Falling Asleep Jokes
96 falling asleep jokes and hilarious falling asleep puns to laugh out loud. Read jokes about falling asleep that are clean and suitable for kids and friends.
Funniest Falling Asleep Short Jokes
Short falling asleep jokes and puns are one of the best ways to have fun with word play in English. The falling asleep humour may include short fall asleep jokes also.
- Why do 50% of married men not fall asleep after sex? Because they still need to drive home
- I was originally ok with my wife getting a white noise machine in our bedroom turns out falling asleep to country music is harder than I thought
- What's the most frustrating part about being a sheep farmer? Every time you try to take inventory, you fall asleep.

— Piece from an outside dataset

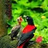 朱鹂:中等鸟类,体长23-28厘米。雄鸟绛紫红色,头、上胸及翼黑色。雌鸟上背及背部深灰色,尾覆羽及尾绛紫红色,腹部及下胸白而密布黑色纵纹。与鹊色鹂幼鸟的区别在上背灰色较深,下体白色较少且纵纹较粗。…全部>>
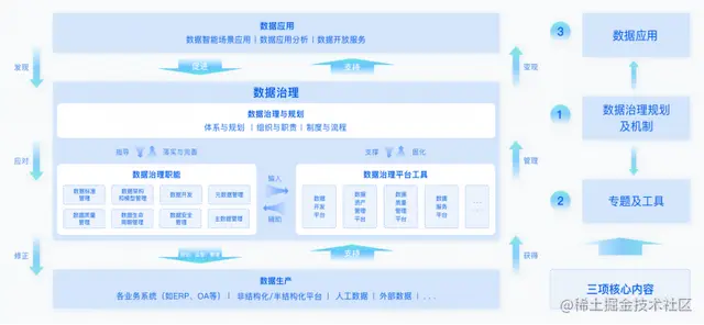 三大模块互为动力,数据治理规划指导数据治理职能的全面发挥,数据治理各项职能通过数据治理平台工具协助管理,数据治理平台工具支撑数据治理规划的落地及优化,数据治理规划各层面逐步固化在数据治理平台上,数据治理平台辅助数据治理各项职能的管理,通过数据治理各项职能不断落实和完善数据治理规划,实现组织数字化转型,固化管理机制及流程体系。

- Many people can't fall asleep due to some obsessive thoughts. Been thinking about this all night.
- CNN says that Trumpists have been falling asleep at Trump rallies lately Trump says it's all just fake snooze.
Credit where credit is due I stole this from YouTube comments. - Girl are you a dishwasher? Because I would like to fill you with my dirty load in the evening, turn you on, and fall asleep before you finish
- Did you hear the one about rim jobs? It's very tongue in cheek.
-came up with this while trying to fall asleep. Pretty sure it's OC - I was fired after falling asleep on personal documents. Apparently you can't lie on your resume.
- What do you call a male cow that keeps falling asleep? A bulldozer.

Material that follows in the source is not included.